If nothing else, start taking a probiotic. Diet, stress, travel, and even medication use can lead to an imbalance of good vs. bad bacteria in your gut. Tipping the balance of bacteria in favor of more beneficial, less gaseous strains can go a long way in preventing and reducing bloat.
Newport Natural Health’s Microencapsulated Probiotic with FOS is an excellent option. It contains multiple strains from the Lactobacillus and Bifidobacterium families, both of which are known to reduce gas and bloating.
You may also want to try boosting your levels of a little-known, but highly effective mineral: sulfur.
Sulfur helps in the production of mucus, which is integral to healthy digestion. Without an adequate layer of mucus in the GI tract, the gut can become permeable, leading to leaky gut syndrome. With leaky gut, the intestines become thin and porous. This allows toxic substances that should remain in the intestines to leak into the bloodstream. This increases not only risk of inflammation, but food allergies and intolerances.

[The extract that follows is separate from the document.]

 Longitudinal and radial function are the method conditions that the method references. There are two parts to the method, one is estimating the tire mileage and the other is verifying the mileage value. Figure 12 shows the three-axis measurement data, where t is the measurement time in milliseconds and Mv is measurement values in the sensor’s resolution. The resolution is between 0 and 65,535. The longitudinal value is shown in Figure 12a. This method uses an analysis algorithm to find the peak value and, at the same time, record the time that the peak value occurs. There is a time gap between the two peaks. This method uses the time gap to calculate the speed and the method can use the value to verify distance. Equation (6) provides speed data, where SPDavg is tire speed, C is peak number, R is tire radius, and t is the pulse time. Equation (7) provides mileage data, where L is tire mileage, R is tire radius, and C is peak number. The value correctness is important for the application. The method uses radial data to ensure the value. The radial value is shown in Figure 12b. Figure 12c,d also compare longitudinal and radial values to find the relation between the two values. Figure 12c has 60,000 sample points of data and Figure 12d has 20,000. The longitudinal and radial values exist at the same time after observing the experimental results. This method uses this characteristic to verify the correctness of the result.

The good news about sulfur is that it is readily available in many natural, whole foods. Some of the best sources are allium vegetables, which include garlic, onions, scallions, leeks, and shallots. These are second only to the cruciferous family of vegetables, which include cauliflower, cabbage, broccoli, kale, and arugula.

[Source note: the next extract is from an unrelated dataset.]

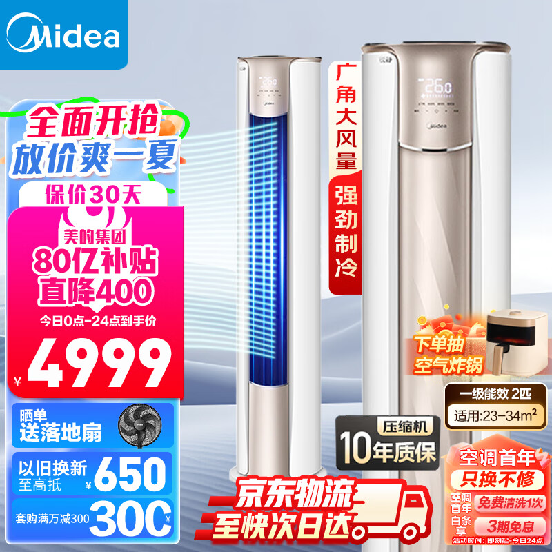 美的(Midea)锐静一级2匹空调变频柜机立式客厅冷暖两用制冷制热大风口空调家电以旧换新51VHC1Ⅱ【风锦同款】价格:4999.00元!

You can also take supplements to increase sulfur in the body.
Methylsufonylmethane (MSM) is a compound that naturally contains sulfur. It is found in both plants and animals, but also made in supplement form.

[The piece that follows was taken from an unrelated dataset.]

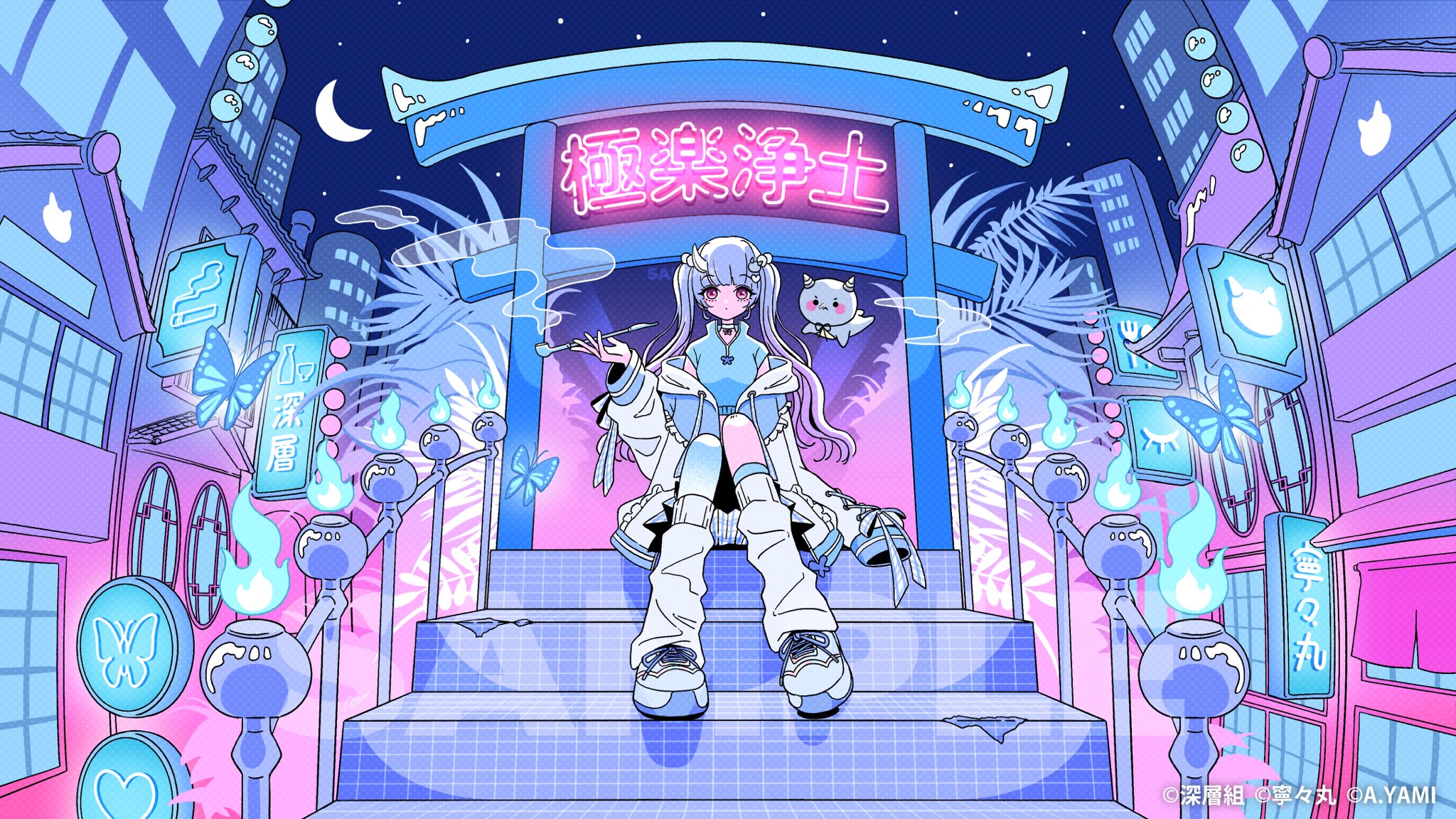 1girl blue_fire blue_hair bug busou_kanojo butterfly checkered_clothes checkered_ribbon checkered_skirt city city_lights cityscape closed_mouth crescent_moon dot_mouth fire frilled_jacket frills glowing_butterfly hair_ornament heart heart_hair_ornament highres holding holding_smoking_pipe horns insect jacket leg_warmers looking_at_viewer mascot moon multicolored_clothes nakazawa_ayami nenemaru_(busou_kanojo) neon_lights night pink_eyes shoes single_horn sitting sitting_on_stairs skirt sky smoking_pipe sneakers stairs tenshi_kaiwai torii turtleneck turtleneck_jacket twintails virtual_youtuber white_jacket white_shoes

MSM is a potent anti-inflammatory that is typically used to treat arthritis and other joint/muscular conditions. It has also been shown to help alleviate GI disorders like constipation and diverticulosis.
N-acetyl-cysteine (NAC) is also helpful in keeping the gut and mucosal lining healthy. NAC is the precursor to glutathione, one of the most important and powerful antioxidants in the body.
The primary role of glutathione is to protect cells from oxidative stress, but it is also very abundant in the mucosal cells in the GI tract. Research shows a “direct relation between glutathione concentration and mucosal damage…”1
Our Healthy Guts Formula contains MSM, NAC, and other compounds that support a healthy gut. It provides precursors the body needs to produce sulfur, and therefore a strong mucosal lining. It works to detoxify the gut and foster the formation of compounds that reduce inflammation.
When your mucosal lining is strong and robust, your gut is better able to break down typically-hard-to-digest foods. When you’re able to eat healthy, but gas-producing, foods like beans, lentils, cabbage, and whole grains, you provide your body with a wider range of nutrients from whole food sources. In the long run, this makes you healthier and helps your body function better.
In conclusion, if you suffer from bloat, and the “usual suspects” like probiotics or digestive enzymes aren’t offering the relief you want, try upping your sulfur intake and see if that helps!
Loguercio C and Pierro M. The role of glutathione in the gastrointestinal tract: a review. Ital J Gastroenterol Hepatol. Jun-Jul 1999;31(5):401-7.